Читаем Выбираю таран полностью

— В городе, где мы стояли, десяток глинобитных домиков было да юрты. Мы жили в юртах, — оживляется Витт Федорович, бросив взгляд на карту. — Приспособились, кровати поставили, столы, но на кошме даже удобнее и сидеть, и спать. Она толстая, мягкая. С водой было туговато — солончаки кругом, а до ближайшего населенного пункта, откуда воду возили, 750 километров, а дрова доставляли за 500 километров.

Но мы были молоды и, несмотря на гнус, зной, жажду и однообразную еду, очень любили петь, плясать, байки летные травить. Гармошки с собой возили, балалайки, гитары. А веселье — это оружие!

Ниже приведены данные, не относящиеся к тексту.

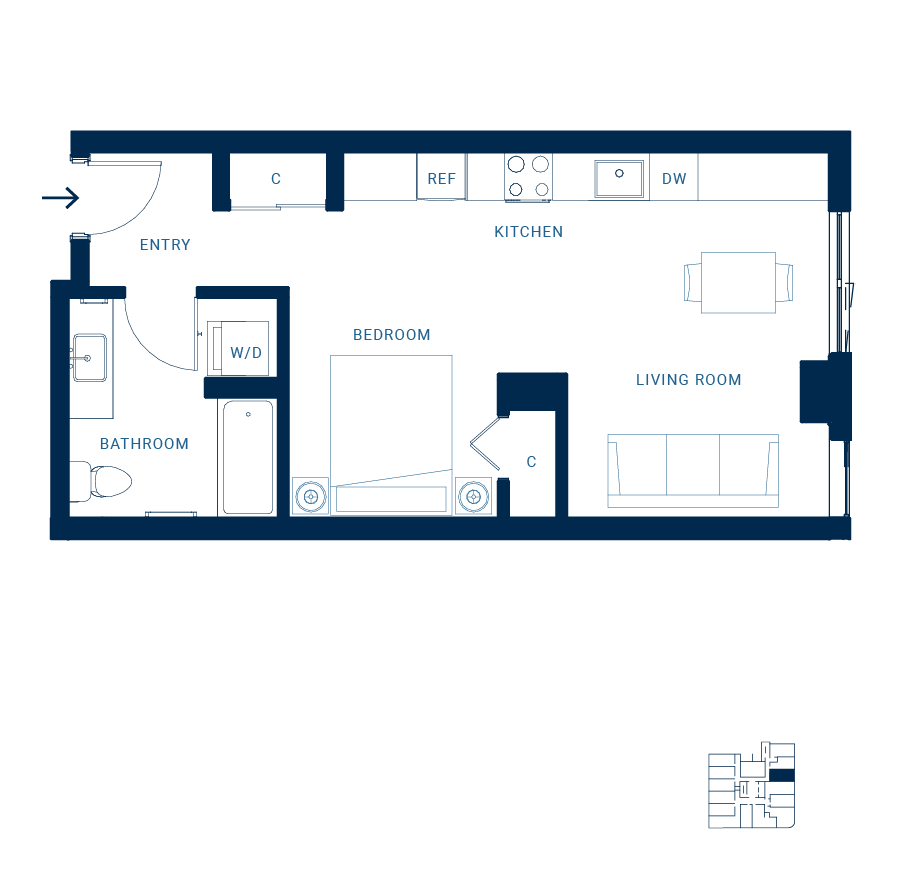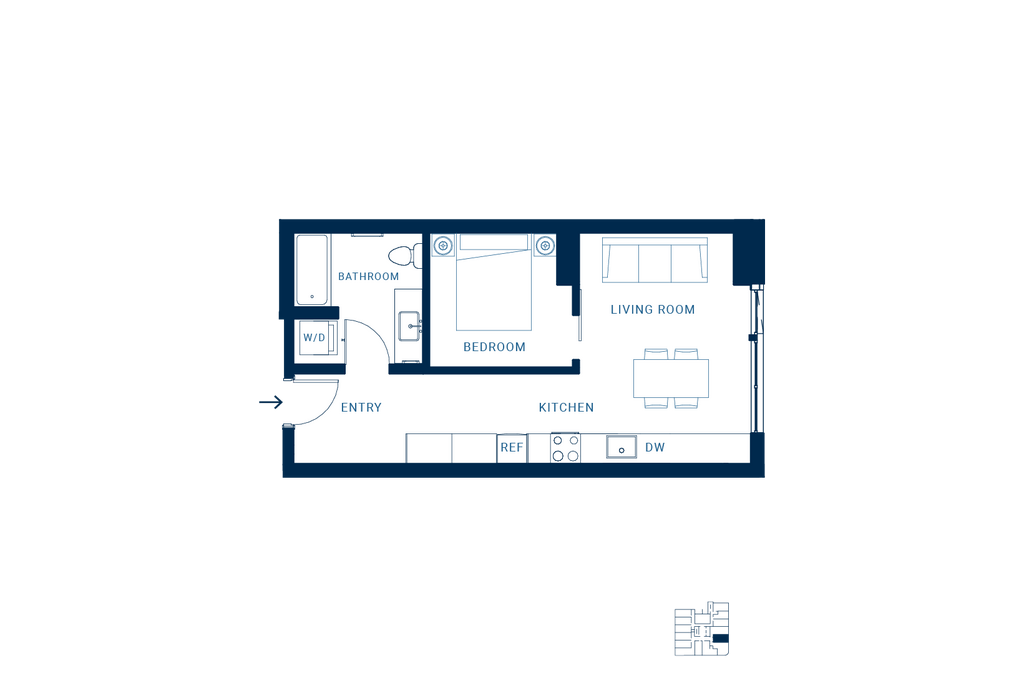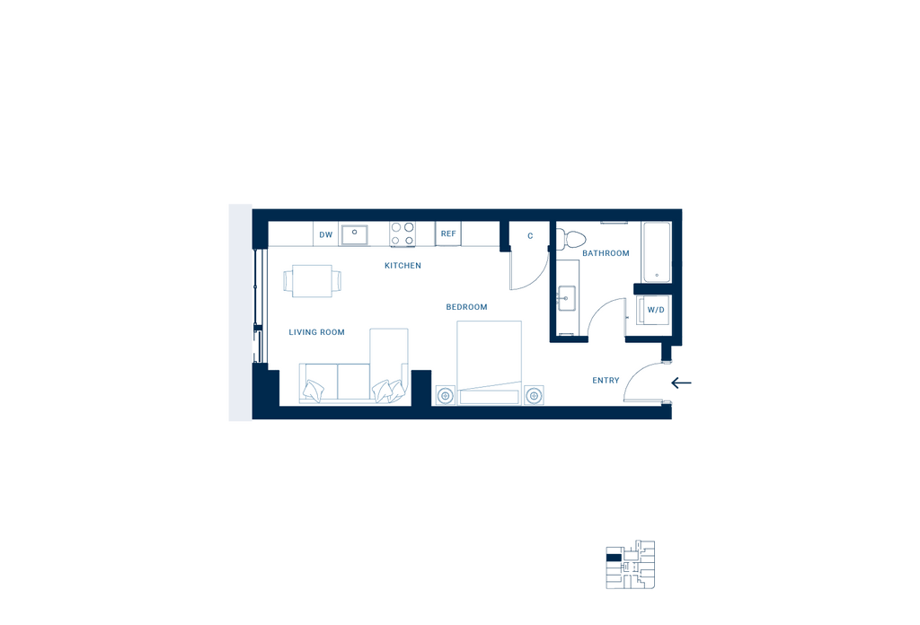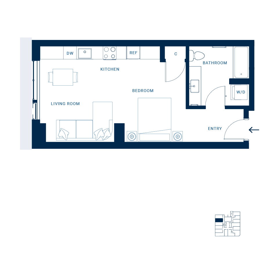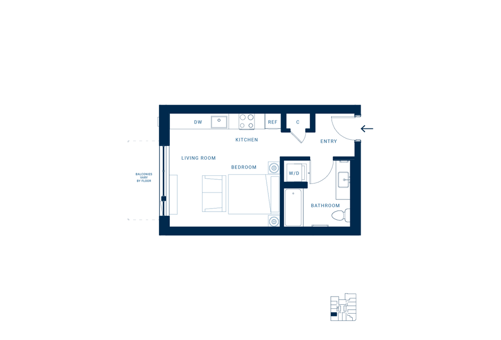 Modelo de apartamento: Studio H$1,995Estudio, 1 Baño, 403 sq ftDisponible Ahora![]()

Объявляют тревогу — мы веселые, бодрые. Поднимаемся в воздух — с отвагой и удалью в сердце!

— А в тот бой, где таран пришлось вам совершить, тоже таким уходили?

— А как же! В бой надо идти с верой в победу, иначе и ходить незачем, — ответил Витт Федорович и махнул рукой. — А газеты тогда войсковые знаете с какими призывами выходили?

Он показывает книгу с фотографиями газеты «Атака», заголовки статей: «Уничтожить самурайскую банду!», «Подлый враг зажат в железное кольцо…»

— Чувствуете дух того времени? Пахло мировой войной, фашисты уже проглотили большой кусок Европы, мы должны были быть готовы отразить возможное нападение, и тон статей — резкий, военный.

— Расскажите, как ваш таранный бой проходил?

— Да просто. Я на него на встречном курсе пошел. Кто струхнет и первым свернет? Про себя знаю: я — ни за что! Значит, самурай должен свернуть! Он тоже не свернул, а когда оставалось всего ничего до столкновения, поднял нос передо мной, подставив брюхо… Вот так…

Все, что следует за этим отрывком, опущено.